When it comes to children aged five to 11, however, Roumeliotis said the issue isn’t one of location, but parental fears.
“It has nothing to do with accessibility because they can virtually walk into any clinic any time and get vaccinated,” said the doctor, who is also president of the Association of Local Public Health Agencies.
About 56 per cent of children in that age group have at least one dose and 33 per cent have two.
Roumeliotis’s health unit is trying to educate parents and answer any questions they may have through town halls, seminars with schools, social media outreach and a video campaign, he said.
Ontario is also set to receive its first shipment next week of Novavax, which is a more traditional vaccine, without the mRNA technology used by Pfizer and Moderna. The experts said it’s unlikely it will have much of an effect on vaccination rates, as anyone still unvaccinated at this point will probably remain so.
A one-dose, non-mRNA vaccine by Johnson and Johnson has been available in Ontario since early December upon request and 3,134 doses of J&J have been administered in the province as of March 31.
Ontario’s chief medical officer of health, Dr.

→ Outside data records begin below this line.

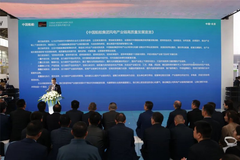 在CWP 2023“构筑全球稳定供应链、共建能源转型新未来”的主题下,大会发布了《全球风电产业链供应链安全宣言》,中国船舶集团风电产业链也随之发布了《高质量发展宣言》,表示中国船舶集团风电产业链将“坚持协同发展、坚持市场引领、坚持创新驱动、坚持效益优先、坚持改革提升、坚持考核激励”六项基本原则,并坚决落实产业链“协同开发、协同设计、协同生产、协同服务、协同管理”“五协同”关键任务,推动形成产业链上下游优势互补、抱团发力、协同共进的良好局面,为加快绿色转型、建设美丽中国贡献智慧和力量。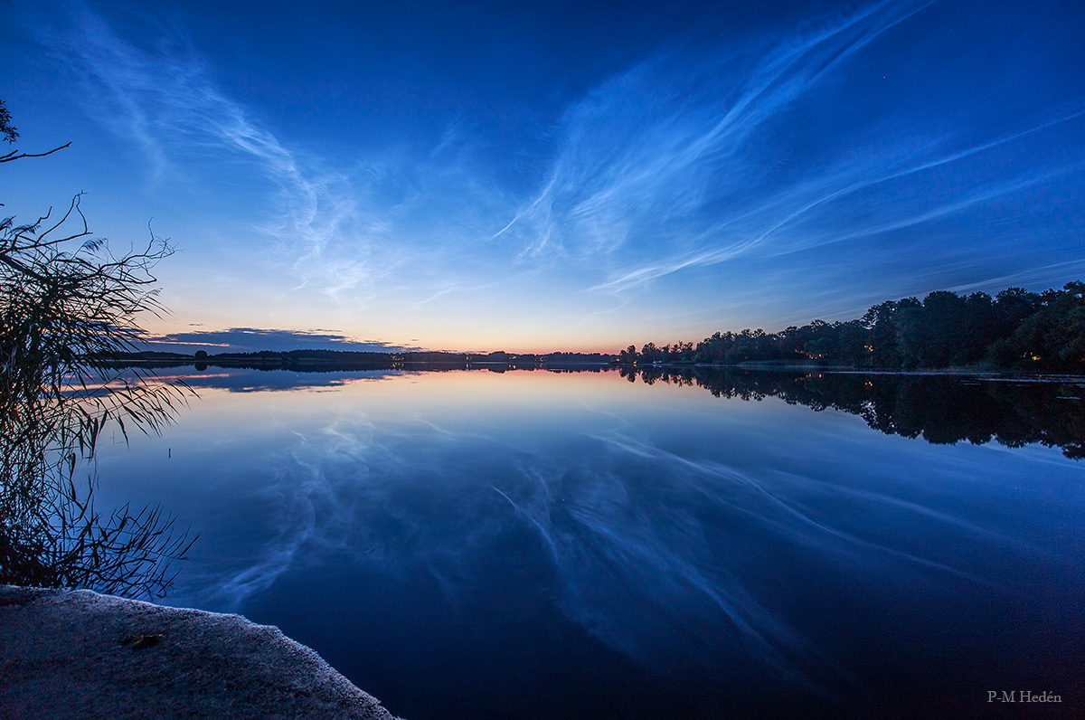 Transfusing sunlight through a still dark sky, this exceptional display of noctilucent clouds was captured earlier this month, reflected in the calm waters of Vallentuna Lake near Stockholm, Sweden. From the edge of space, about 80 kilometers above Earth's surface, the icy clouds themselves still reflect sunlight even though the Sun is below the horizon as seen from the ground. Usually spotted at high latitudes in summer months the night shining clouds have made a strong showing so far during the short northern summer nights. Also known as polar mesopheric clouds they are understood to form as water vapor driven into the cold upper atmosphere condenses on the fine dust particles supplied by disintegrating meteors or volcanic ash. NASA's AIM mission provides daily projections of noctilucent clouds as seen from space.
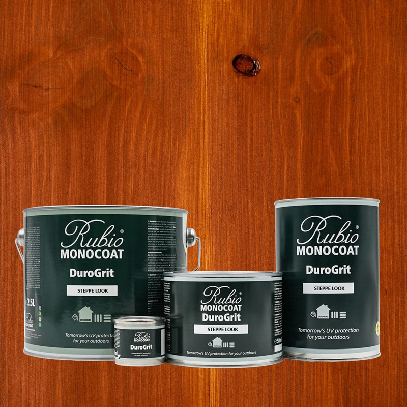 Rubio Monocoat DuroGrit Steppe Look is perfect voor houtprojecten buitenshuis, waar goede uv-bescherming en een lange levensduur essentieel zijn. Het product is verkrijgbaar in 14 kleuren en is geschikt voor de behandeling van terrassen, tuinmeubelen, gevelbekleding, enz. Dankzij het 0% VOS-gehalte is het bovendien milieuvriendelijk en veilig in gebruik.

Kieran Moore, said earlier this year he was excited about the pending arrival of Novavax and hoped it appeals to people who don’t want an mRNA vaccine.
Moore ended his weekly briefings last month and denied several requests over three weeks by The Canadian Press for an interview about the province’s vaccine strategy going forward.
A spokeswoman for Health Minister Christine Elliott sent a statement about what the province has already done on vaccination, including communications, a mobile bus vaccine clinic, holding school-based clinics, and increasing hours of vaccine clinic operation to help reach communities with lower rates.